◆ **PROBLEM DETAILS**
Exactly reproduce all the records, keeping pictures out of the copy.

RECORDS SHOWN Start Marker

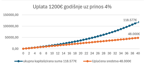 Pogledajte primjer na temelju godišnje uplate od 1.200 € u razdoblju od 40 godina ako fond nosi 4% ili 6% prinosa:
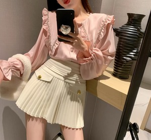 ハイウエストのAラインスカート。プリーツが可愛いショート丈のスカートで、可愛らしさを前面に押し出したコーデにピッタリ。
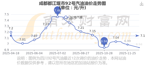 成都都江堰市92號汽油歷史油價(jià)走勢圖
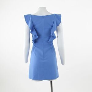 Channel Mod-era spunk with modern romance in this tailored minidress cut from sleek stretch fabric and topped by frilly straps.
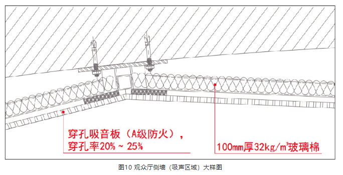 3) 側(cè)墻中段內(nèi)凹區(qū)域(圖4玫紅色墻面),2 m 以下人員活動(dòng)高度范圍內(nèi)(圖9),保留裝飾做法,做強(qiáng)吸聲處理,避免聲聚焦。穿孔吸音板穿孔率20%~25%,板后應(yīng)形成封閉空腔,空腔內(nèi)填100 mm厚32 kg/m3玻璃棉,見(jiàn)圖9、圖10。側(cè)墻吸聲區(qū)域與非吸聲區(qū)域裝飾效果保持統(tǒng)一。

RECORDS SHOWN End Marker

◆ **COMPLETED TASK**
 Pogledajte primjer na temelju godišnje uplate od 1.200 € u razdoblju od 40 godina ako fond nosi 4% ili 6% prinosa:
 ハイウエストのAラインスカート。プリーツが可愛いショート丈のスカートで、可愛らしさを前面に押し出したコーデにピッタリ。
 成都都江堰市92號汽油歷史油價(jià)走勢圖
 Channel Mod-era spunk with modern romance in this tailored minidress cut from sleek stretch fabric and topped by frilly straps.
 3) 側(cè)墻中段內(nèi)凹區(qū)域(圖4玫紅色墻面),2 m 以下人員活動(dòng)高度范圍內(nèi)(圖9),保留裝飾做法,做強(qiáng)吸聲處理,避免聲聚焦。穿孔吸音板穿孔率20%~25%,板后應(yīng)形成封閉空腔,空腔內(nèi)填100 mm厚32 kg/m3玻璃棉,見(jiàn)圖9、圖10。側(cè)墻吸聲區(qū)域與非吸聲區(qū)域裝飾效果保持統(tǒng)一。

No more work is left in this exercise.